[ASSIGNMENT]
Restate, word for word, each entry that follows, but skip its pictures.

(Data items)

·····

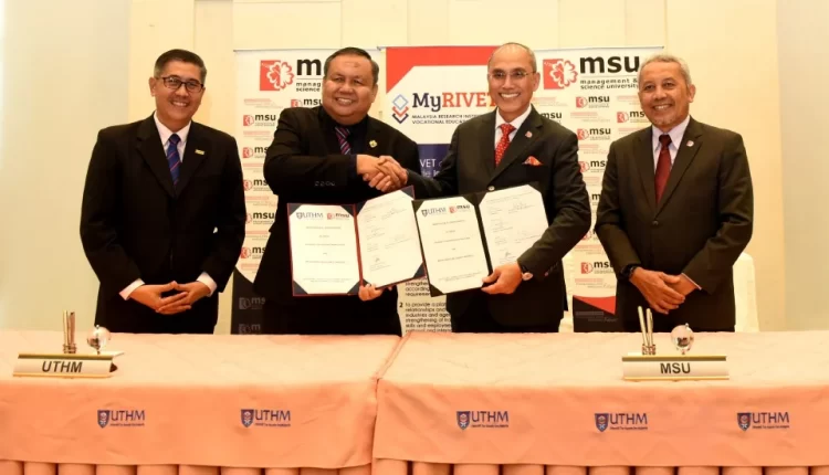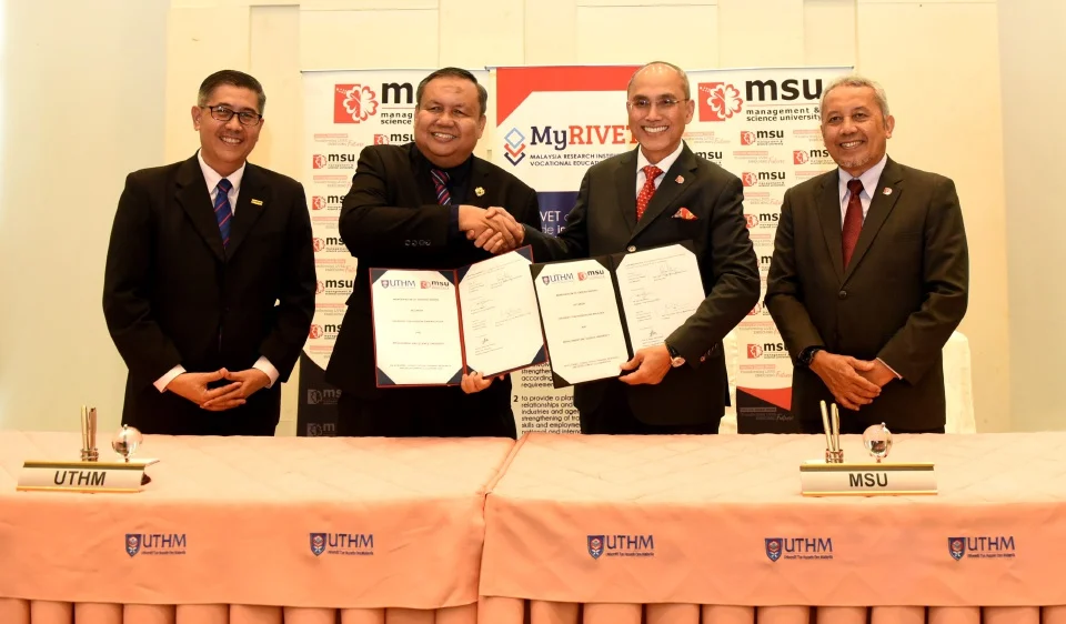 KUALA LUMPUR: Management and Science University (MSU) dan Universiti Tun Hussein Onn Malaysia (UTHM) telah memeterai Memorandum Persefahaman (MoU) bagi memperkasakan bidang Pendidikan Latihan Teknikal dan Vokasional (TVET) dan penyelidikan.
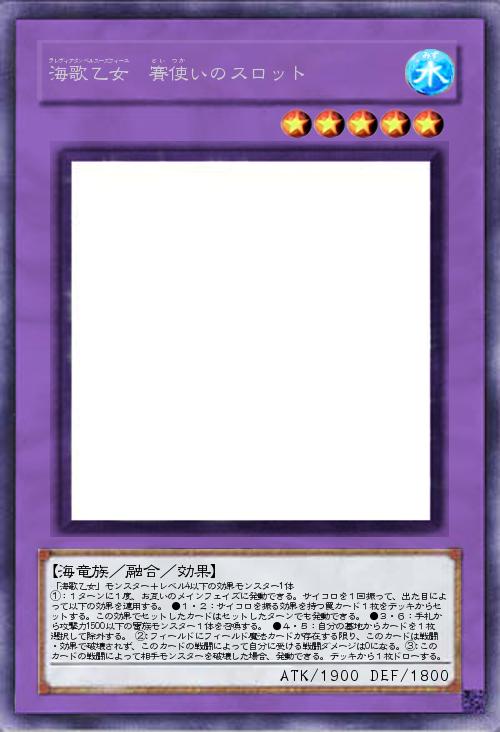 | 「海歌乙女」モンスター+レベル4以下の効果モンスター1体 ①:1ターンに1度、お互いのメインフェイズに発動できる。サイコロを1回振って、出た目によって以下の効果を適用する。 ●1・2:サイコロを振る効果を持つ罠カード1枚をデッキからセットする。この効果でセットしたカードはセットしたターンでも発動できる。 ●3・6:手札から攻撃力1500以下の雷族モンスター1体を召喚する。 ●4・5:自分の墓地からカードを1枚選択して除外する。 ②:フィールドにフィールド魔法カードが存在する限り、このカードは戦闘・効果で破壊されず、このカードの戦闘によって自分に受ける戦闘ダメージは0になる。③:このカードの戦闘によって相手モンスターを破壊した場合、発動できる。デッキから1枚ドローする。 | |||
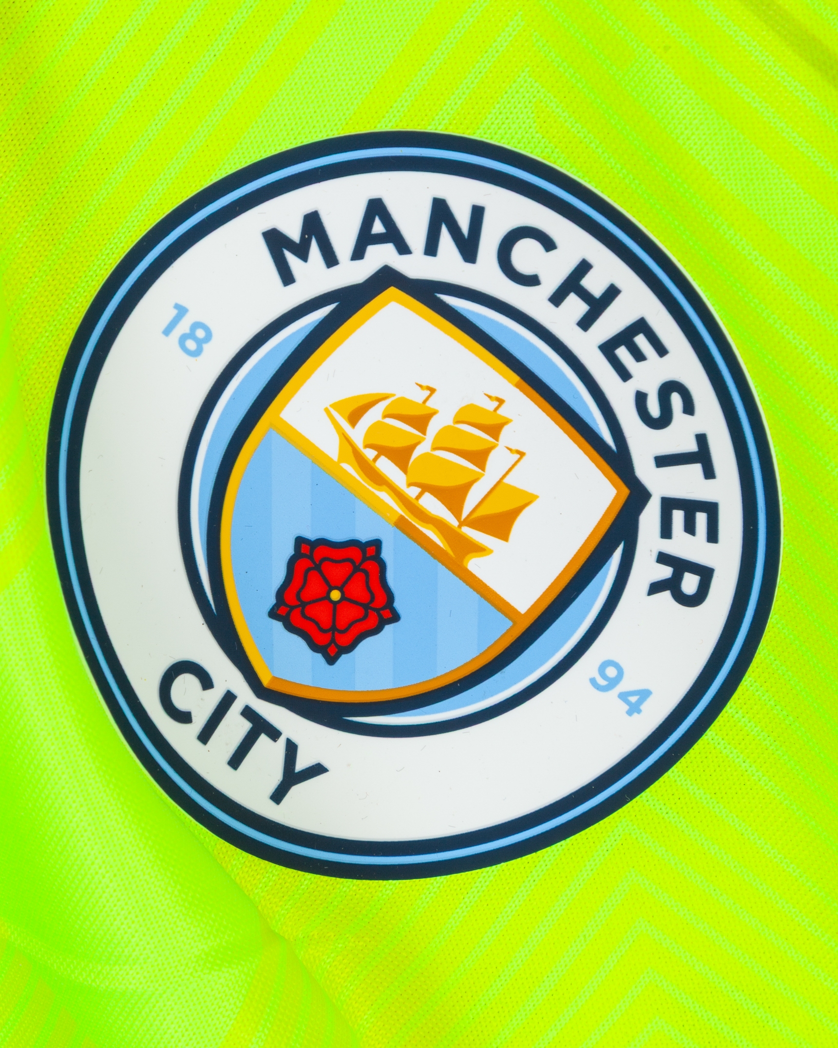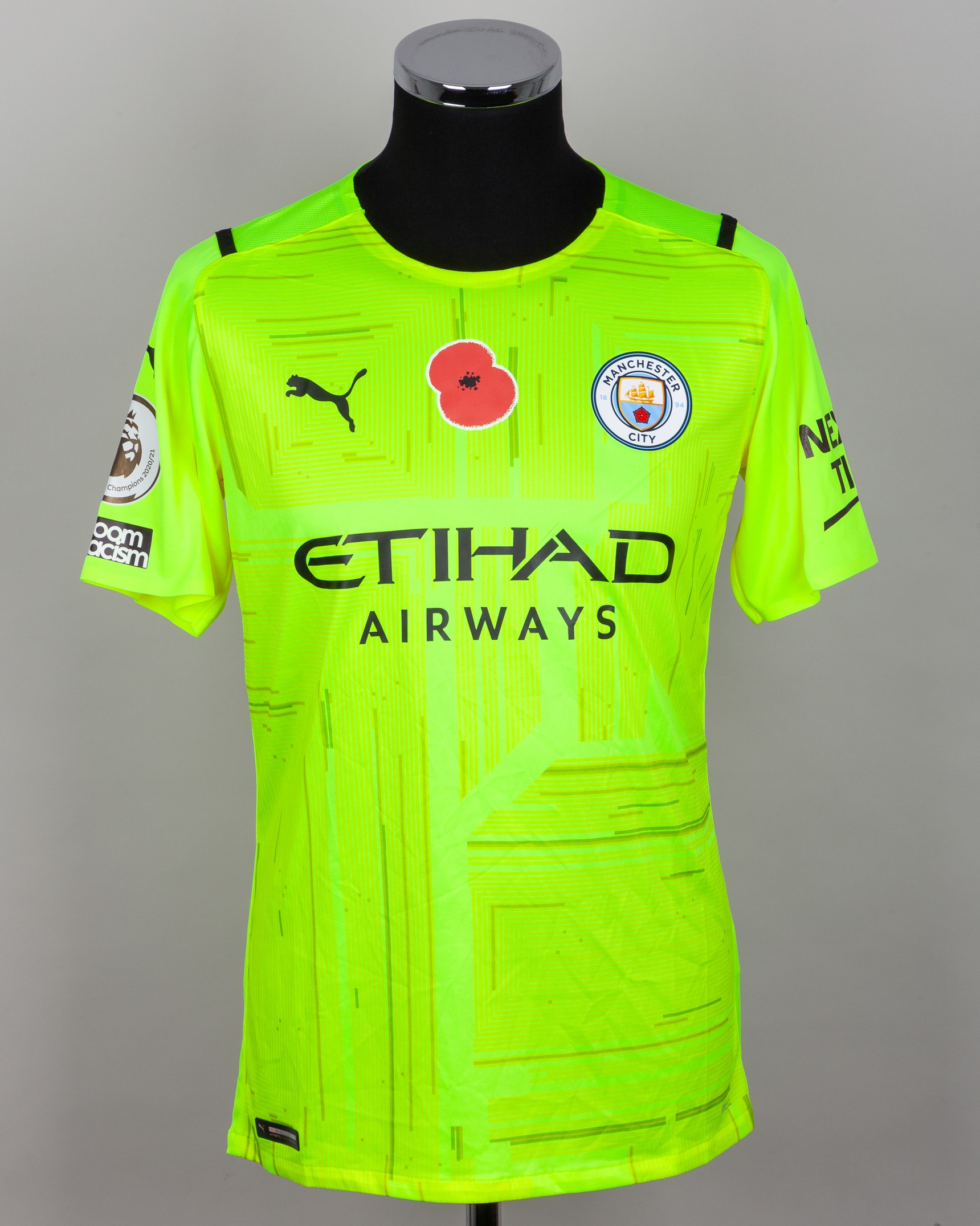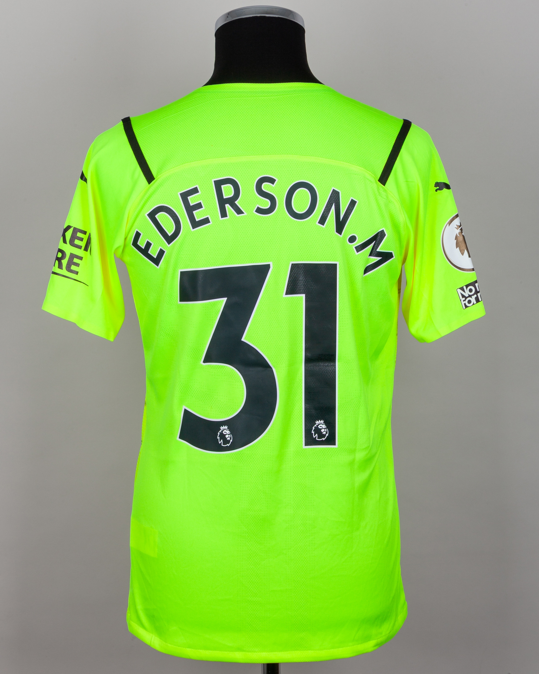 Ederson yellow No.31 Manchester City v. Manchester United match prepared short-sleeved shirt, 2021-22, Puma, L, with crew-neck collar and printed badge, with Poppy decal, the reverse lettered EDERSON. M, the right sleeve with Premier League Champions 2020-21 flash
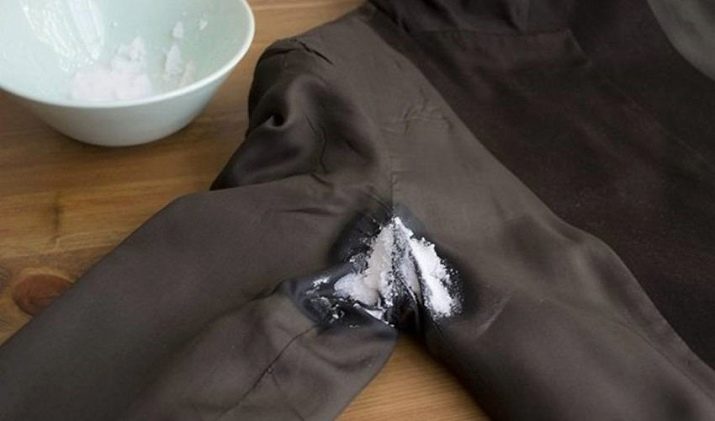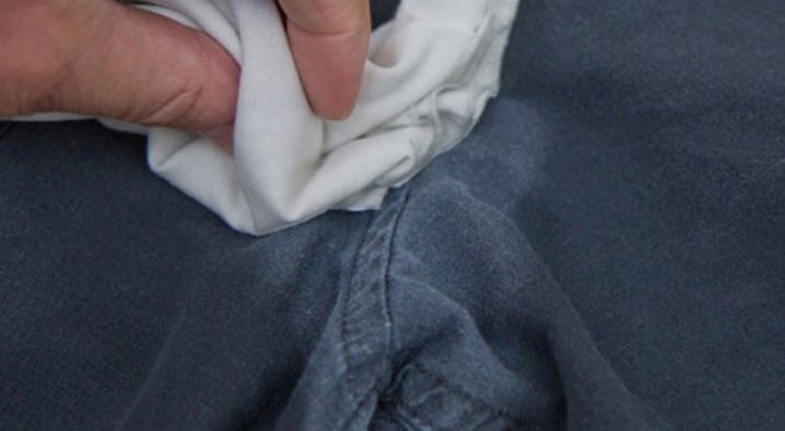 Dark fabric cleans well with laundry soap. If this method does not give a positive result, then alcohol, lemon juice and dishwashing detergent will come to the rescue. Demonstrates high efficiency a mixture of soda and vinegar, but it can not be used on delicate fabrics.
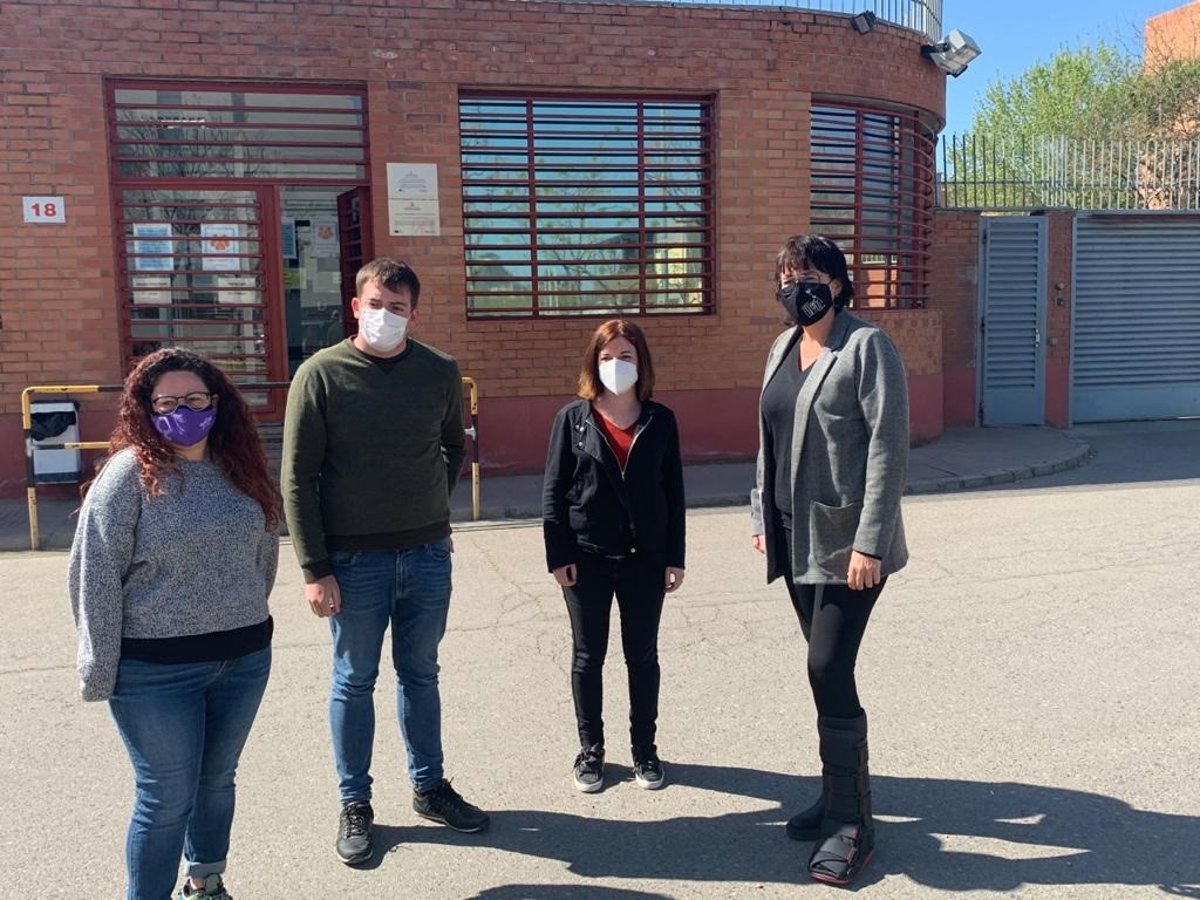 Kenia Domnech, Pau Morales, Sara Bailac y Diana Riba en la puerta del Centro penitenciari de Ponent, en Lleida. - ERC
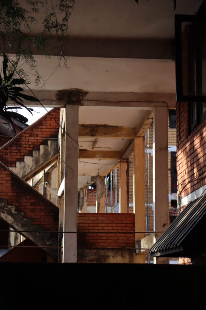 屋根瓦と大きな張り出しのあるレンガ積みの外装で、通風と日差し対策が十分に考慮されているといいます。
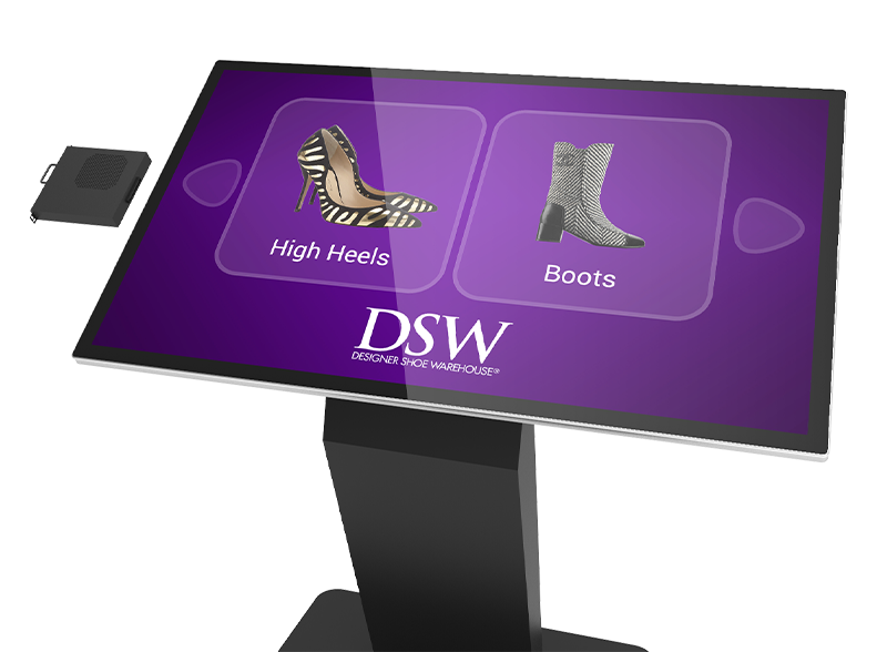 Ce kiosque interactif est livré avec un lecteur multimédia Android intégré de série de série. Une version Windows OS intégrée est également disponible sur demande. Pour une flexibilité ultime, ce kiosque dispose également d’un casier interne afin qu’un lecteur multimédia tiers ou un PC NUC puisse être utilisé.

·····

[SOLUTION TO THE PROBLEM]
 KUALA LUMPUR: Management and Science University (MSU) dan Universiti Tun Hussein Onn Malaysia (UTHM) telah memeterai Memorandum Persefahaman (MoU) bagi memperkasakan bidang Pendidikan Latihan Teknikal dan Vokasional (TVET) dan penyelidikan.
 | 「海歌乙女」モンスター+レベル4以下の効果モンスター1体 ①:1ターンに1度、お互いのメインフェイズに発動できる。サイコロを1回振って、出た目によって以下の効果を適用する。 ●1・2:サイコロを振る効果を持つ罠カード1枚をデッキからセットする。この効果でセットしたカードはセットしたターンでも発動できる。 ●3・6:手札から攻撃力1500以下の雷族モンスター1体を召喚する。 ●4・5:自分の墓地からカードを1枚選択して除外する。 ②:フィールドにフィールド魔法カードが存在する限り、このカードは戦闘・効果で破壊されず、このカードの戦闘によって自分に受ける戦闘ダメージは0になる。③:このカードの戦闘によって相手モンスターを破壊した場合、発動できる。デッキから1枚ドローする。 | |||
 Ederson yellow No.31 Manchester City v. Manchester United match prepared short-sleeved shirt, 2021-22, Puma, L, with crew-neck collar and printed badge, with Poppy decal, the reverse lettered EDERSON. M, the right sleeve with Premier League Champions 2020-21 flash
 Dark fabric cleans well with laundry soap. If this method does not give a positive result, then alcohol, lemon juice and dishwashing detergent will come to the rescue. Demonstrates high efficiency a mixture of soda and vinegar, but it can not be used on delicate fabrics.
 Kenia Domnech, Pau Morales, Sara Bailac y Diana Riba en la puerta del Centro penitenciari de Ponent, en Lleida. - ERC
 屋根瓦と大きな張り出しのあるレンガ積みの外装で、通風と日差し対策が十分に考慮されているといいます。
 Ce kiosque interactif est livré avec un lecteur multimédia Android intégré de série de série. Une version Windows OS intégrée est également disponible sur demande. Pour une flexibilité ultime, ce kiosque dispose également d’un casier interne afin qu’un lecteur multimédia tiers ou un PC NUC puisse être utilisé.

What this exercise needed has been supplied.